I've been trying to use ito and nito to form Actor Focused sentences and Object Focused sentences, but I'm having a really hard time. I'm trying to translate this simple sentence to Tagalog,in AF and OF.
The fish went past it.
Are these translations correct?
1.Dumaan ng isda ito. (Passed the fish it.)
2.Dinaanan nito ng isda.
Help


----------



## Hausmeister

Pusokong said:


> I've been trying to use ito and nito to form Actor Focused sentences and Object Focused sentences, but I'm having a really hard time. I'm trying to translate this simple sentence to Tagalog,in AF and OF.
> The fish went past it.
> Are these translations correct?
> 1.Dumaan ng isda ito. (Passed the fish it.)
> 2.Dinaanan nito ng isda.
> Help




1. Dumaan ang isda rito.  

2. Dinaanan ito ng isda.


----------



## Hausmeister

Number 1 fits the English translation


----------



## Pusokong

Ok thanks.
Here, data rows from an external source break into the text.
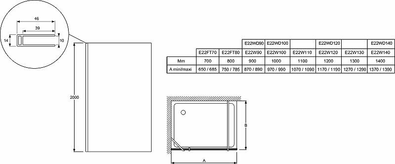 Душевая стенка Jacob Delafon E22FT70-GA Contra Боковая стенка, профиль хром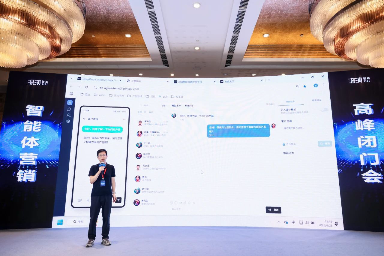 作为已经成功帮助几十家大型企业 AI Agent落地的行业领导者,Z6集团智能DeepAgent Neo全面赋能营销域和销售域。 黄晓南和Z6集团智能CTO欧阳辰与Z6集团智能副总裁曹玉骥一起,为嘉宾现场演示了CRM、Social、销售、客服等场景的全面智能体,情景展现了DeepAgent Neo如何全面赋能企业各个环节。
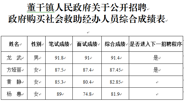 董干鎮(zhèn)人民政府關(guān)于公開(kāi)招聘政府購(gòu)買(mǎi)社會(huì)救助經(jīng)辦人員綜合成績(jī)公告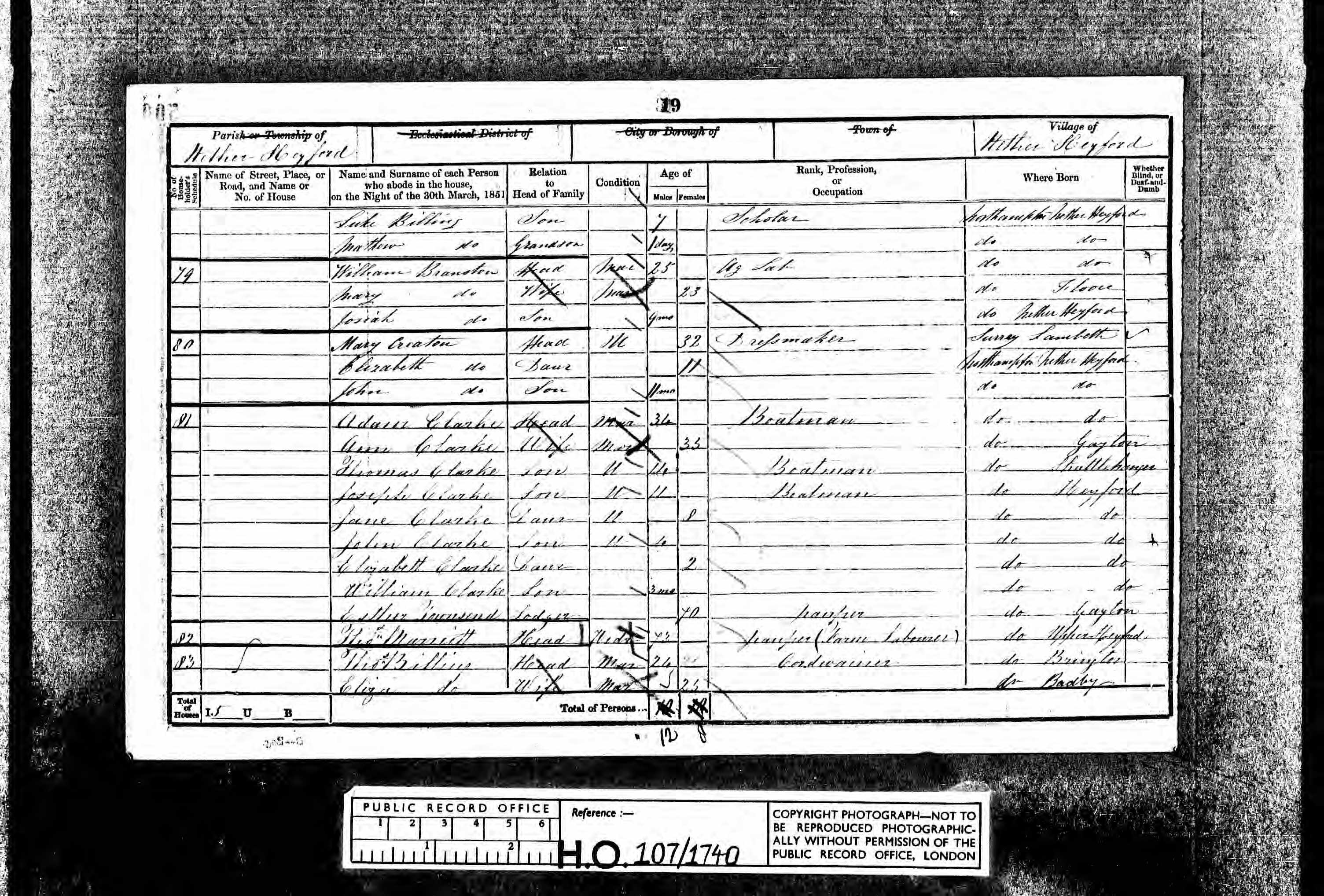 - was recorded in the census on 30 Mar, 1851 in Nether Heyford, Northamptonshire, England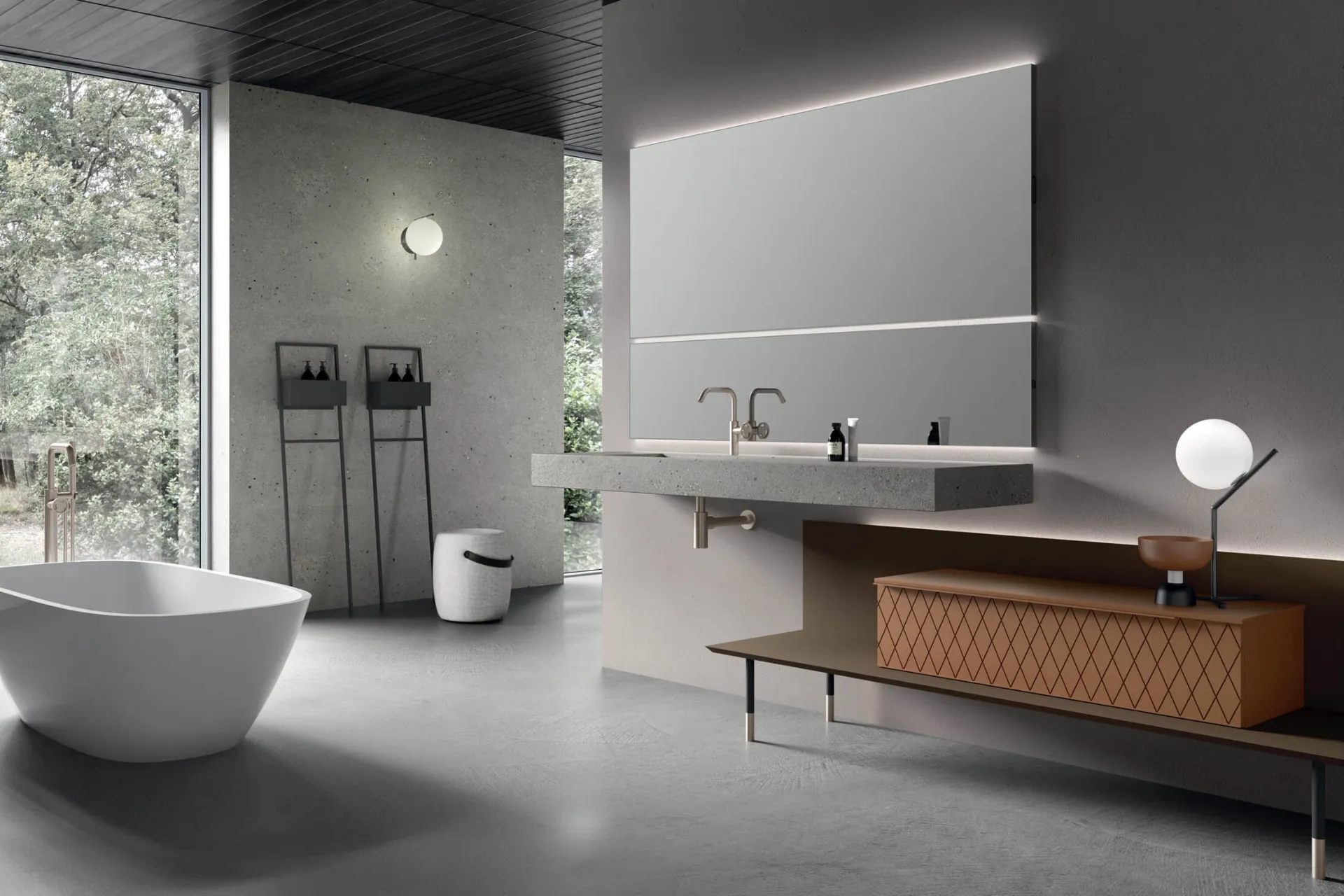 Arreda la stanza del benessere design perfettamente con Rail Line 11, mobili bagno a terra e accessori in laccato opaco di Arcom.

Now..  That's the actor focus version. How can I make the object Focus version of that sentence?


----------



## DotterKat

_*The fish went past it.*_

1) Actor-focused Tagalog translation - *Dumaan* (actor-focus verb) [*dito / rito* - directional complement _sa _pronoun) *ang* (marker) *isda* (actor / subject) OR Dumaan ang isda [dito / rito] OR for emphatic inversion : Dito / Rito dumaan ang isda.

2) Object-focused Tagalog translation - *Dinaanan* (object-focus verb) *ito* (direct object / object "in focus") *ng* (marker) *isda* (indirect object / object "not in focus").


----------